A Hybrid Learning-to-Optimize Framework for Mixed-Integer Quadratic Programming
Viet-Anh Le, Mu Xie, Rahul Mangharam
TL;DR
This work addresses real-time solution of parametric mixed-integer quadratic programs (MIQPs) common in mixed-integer model predictive control (MI-MPC). It proposes a hybrid learning-to-optimize (L2O) framework that combines a neural network predicting integer decisions with a differentiable QP layer to obtain continuous decision variables, enabling backpropagation through the optimization problem. A hybrid loss blends supervised optimality with self-supervised feasibility, supported by a slack-variable QP relaxation to ensure differentiability even for infeasible intermediate problems, with theoretical guarantees on exactness when feasible and minimal violation when not.

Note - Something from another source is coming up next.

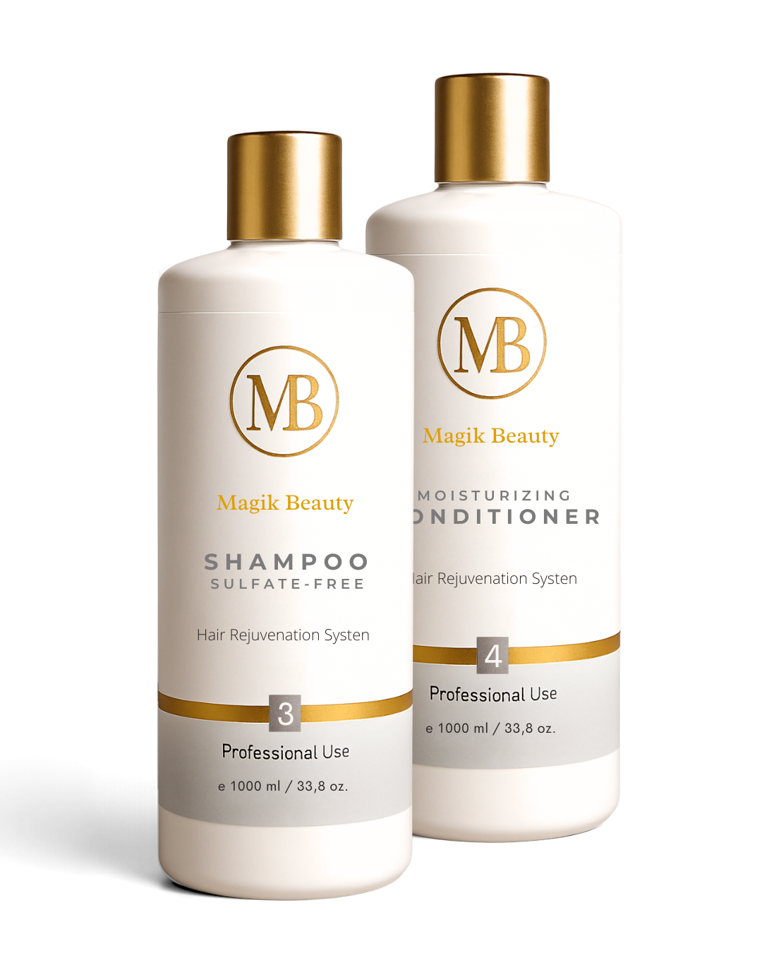 Our Magik Beauty Hair Care System is a straightener treatment that combines botanicals and amino acids that act on the hair leaving it healthy, without frizz and providing full control of the hair. It Hydrates, moisturizes, revitalizes and gives manageability and shine to each strand of hair. This product is highly recommended for sun damage, chemicals, bleached processed and colored hair. it is specially formulated to straighten hair naturally leaving it manageable, hydrated and full of shine. This smoothing treatment is free of formaldehyde so it is harmless to health.

Empirical evaluation on two MI-MPC benchmarks shows substantial runtime gains (approximately 9x–12x faster than GUROBI) while balancing constraint satisfaction and near-global optimality, indicating strong potential for real-time control applications and for extending to broader problem classes in the future.
Abstract
In this paper, we propose a learning-to-optimize (L2O) framework to accelerate solving parametric mixed-integer quadratic programming (MIQP) problems, with a particular focus on mixed-integer model predictive control (MI-MPC) applications. The framework learns to predict integer solutions with enhanced optimality and feasibility by integrating supervised learning (for optimality), self-supervised learning (for feasibility), and a differentiable quadratic programming (QP) layer, resulting in a hybrid L2O framework. Specifically, a neural network (NN) is used to learn the mapping from problem parameters to optimal integer solutions, while a differentiable QP layer is integrated to compute the corresponding continuous variables given the predicted integers and problem parameters. Moreover, a hybrid loss function is proposed, which combines a supervised loss with respect to the global optimal solution, and a self-supervised loss derived from the problem's objective and constraints. The effectiveness of the proposed framework is demonstrated on two benchmark MI-MPC problems, with comparative results against purely supervised and self-supervised learning models.